=== Exercise data ===

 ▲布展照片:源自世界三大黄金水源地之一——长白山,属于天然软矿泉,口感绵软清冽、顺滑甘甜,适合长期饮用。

===
=== Exercise data ===

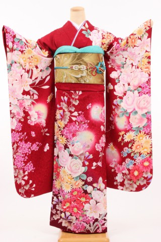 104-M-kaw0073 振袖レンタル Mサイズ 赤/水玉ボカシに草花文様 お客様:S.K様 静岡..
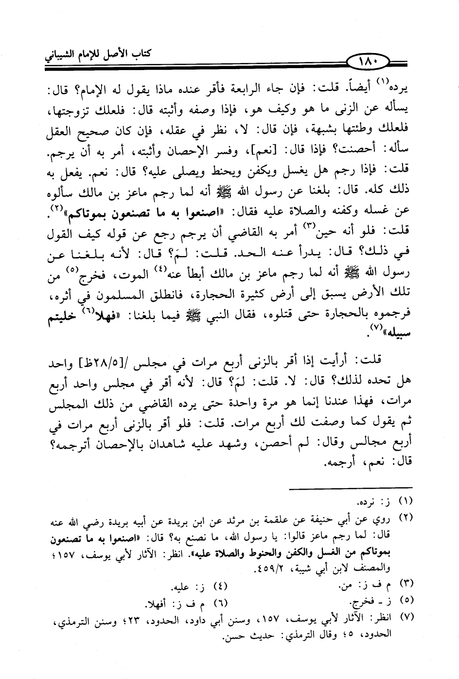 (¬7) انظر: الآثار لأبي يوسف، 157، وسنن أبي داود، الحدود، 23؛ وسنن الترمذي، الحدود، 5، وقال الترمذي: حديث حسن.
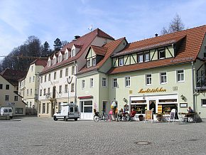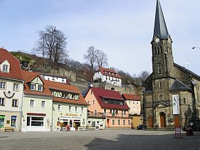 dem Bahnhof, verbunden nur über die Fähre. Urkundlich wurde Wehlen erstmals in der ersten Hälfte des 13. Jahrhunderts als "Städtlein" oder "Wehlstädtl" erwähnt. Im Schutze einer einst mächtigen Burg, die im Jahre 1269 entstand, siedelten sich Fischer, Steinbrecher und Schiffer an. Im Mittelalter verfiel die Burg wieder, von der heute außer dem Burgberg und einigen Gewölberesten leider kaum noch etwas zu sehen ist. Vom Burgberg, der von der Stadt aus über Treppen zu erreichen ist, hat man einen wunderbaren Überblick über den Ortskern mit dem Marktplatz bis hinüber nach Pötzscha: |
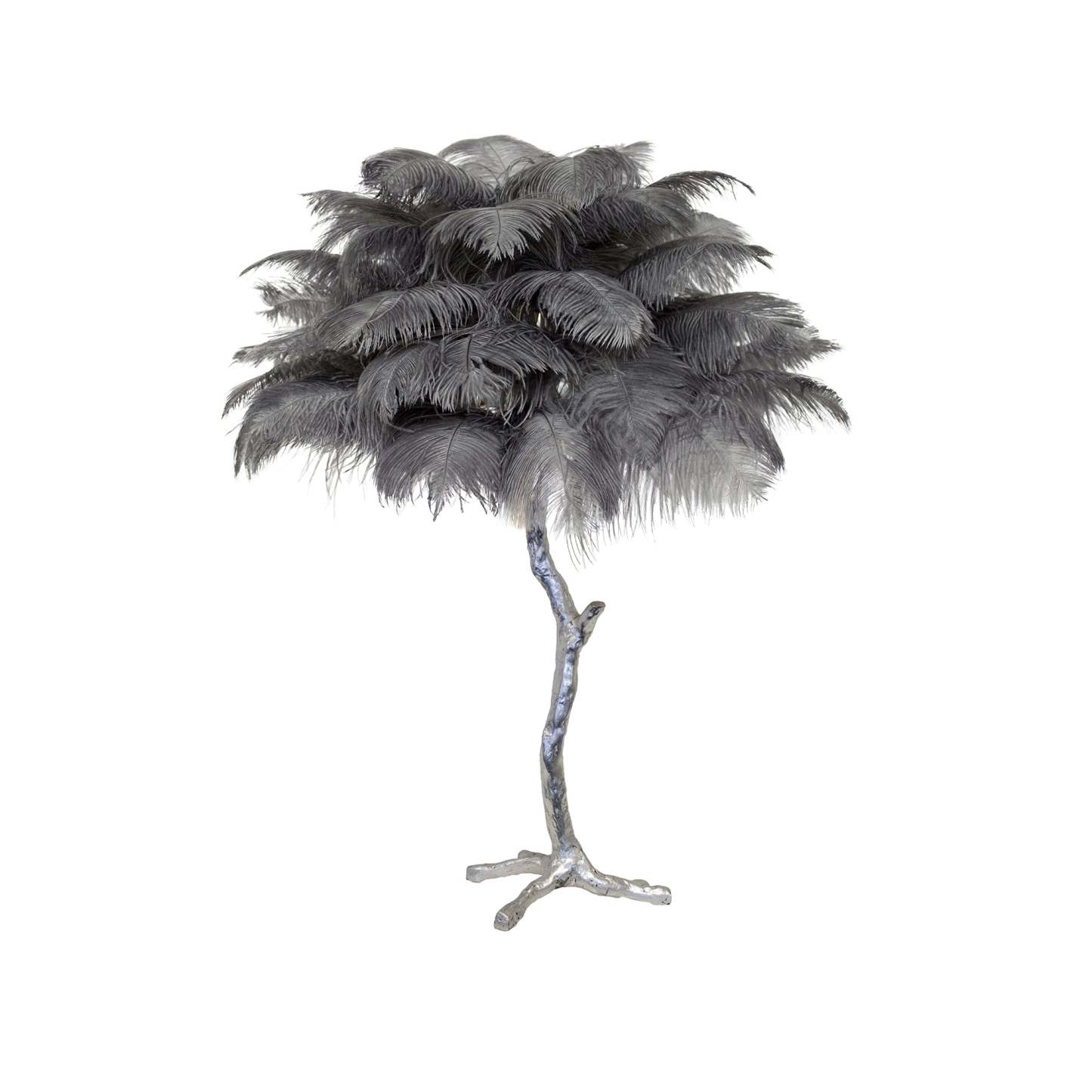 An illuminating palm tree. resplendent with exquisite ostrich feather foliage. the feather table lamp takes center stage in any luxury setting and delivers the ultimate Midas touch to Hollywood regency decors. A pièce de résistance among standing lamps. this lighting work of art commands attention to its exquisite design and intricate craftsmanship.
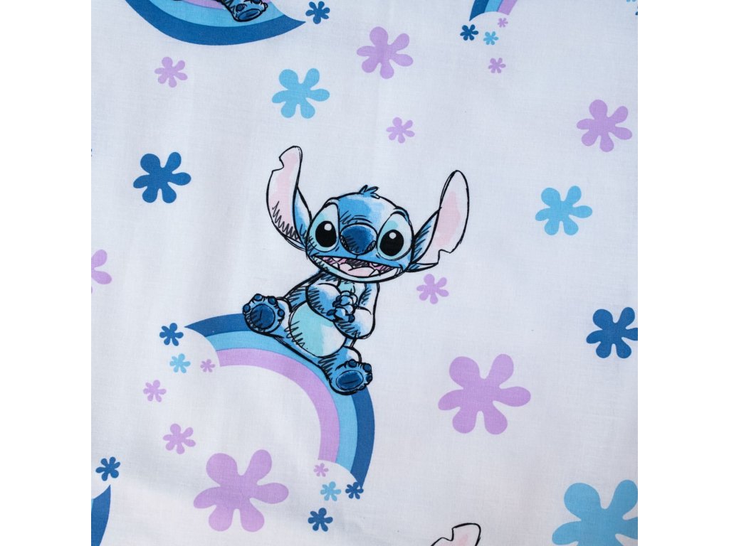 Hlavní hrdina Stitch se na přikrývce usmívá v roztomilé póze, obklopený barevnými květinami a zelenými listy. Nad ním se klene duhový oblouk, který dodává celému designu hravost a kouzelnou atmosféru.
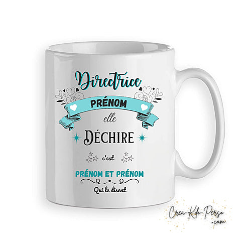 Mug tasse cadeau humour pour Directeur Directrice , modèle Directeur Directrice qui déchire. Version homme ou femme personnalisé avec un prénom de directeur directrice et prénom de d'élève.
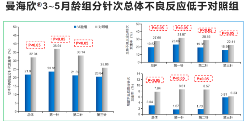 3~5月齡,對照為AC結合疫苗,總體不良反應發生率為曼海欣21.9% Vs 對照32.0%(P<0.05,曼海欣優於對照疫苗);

===

Only the lines of the listing above from the one with "Mug tasse cadeau" through the one with "3~5月齡,對照為AC結合疫苗,總體不良反應發生率為曼海欣21.9% Vs 對照32.0%(P<0.05,曼海欣優於對照疫苗);" should be output, exactly, with both ends kept and pictures left out.

 Mug tasse cadeau humour pour Directeur Directrice , modèle Directeur Directrice qui déchire. Version homme ou femme personnalisé avec un prénom de directeur directrice et prénom de d'élève.
 3~5月齡,對照為AC結合疫苗,總體不良反應發生率為曼海欣21.9% Vs 對照32.0%(P<0.05,曼海欣優於對照疫苗);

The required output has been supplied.